Having determined the value of the property for each of the two years before me, it is necessary to determine the correct assessment for each of the two years by reference to chapter 123, the appropriate guide to determine if there has been discrimination against either the taxpayer or the municipality by the assessments. The chapter 123 ratios for the municipality for the tax years 1984 and 1985, and the limits of the common level range for each year, are as follows: Lower Limit Ratio Upper Limit
Certification of Average Ratios and Common Level Range for Use in the tax year 1984, State of New Jersey, Department of the Treasury, Division of Taxation, April 1, 1984, and for use in the tax year 1985, April 1, 1985.
1984 _____ 81.80 96.24 110.68
1985 _____ 78.06 91.84 105.62
The ratio of the assessment to the value for the year 1984 is 76.27% ($11,000,000 ÷ $14,422,000). Since this ratio is below the lower limit of the common level range for that year, the correct assessment is determined by multiplying the value determined for that year by the chapter 123 ratio for that year, and it is $13,879,732.80 ($14,422,000 X 96.24%), or $13,880,000 rounded. The Clerk of the Tax Court will enter a judgment for 1984 as follows:
Land $ 702,500 Improvements 13,177,500 __________ Total $13,880,000
For administrative purposes, the original land assessment is carried forward in the Tax Court judgment.

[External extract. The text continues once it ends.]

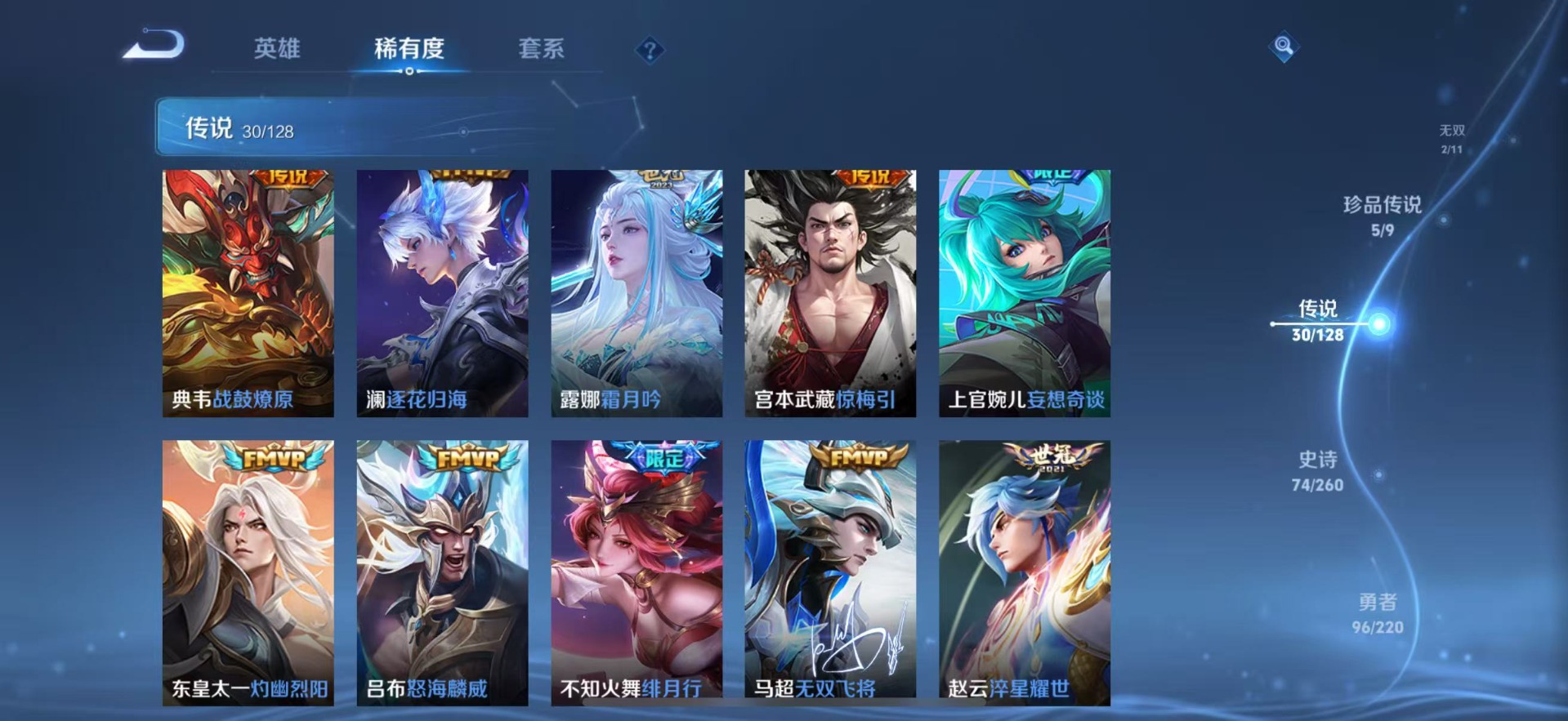 赵云淬星耀世,干将莫邪久胜战神,典韦战鼓燎原,李信一念神魔,达摩黄金狮子座,露娜霜月吟,镜炽阳神光,宫本武藏惊梅引,裴擒虎祥瑞亨通,曜云鹰飞将,马超无双飞将,澜逐花归海,云缨幻光神枪

The ratio of the assessment to the value for the year 1985 is 76.09% ($11,000,000 ÷ $14,457,000). Since this ratio is below the lower limit of the common level range for that year, the correct assessment is determined by multiplying the value determined for that year by the chapter 123 ratio for that year, and it is $13,277,308.80 ($14,457,000 X 91.84%) or $13,277,000 rounded. The Clerk of the Tax Court will enter a judgment for 1985 as follows:
Land $ 702,500 Improvements 12,574,500 __________ Total $13,277,000
For administrative purposes, the original land assessment is carried forward in the Tax Court judgment.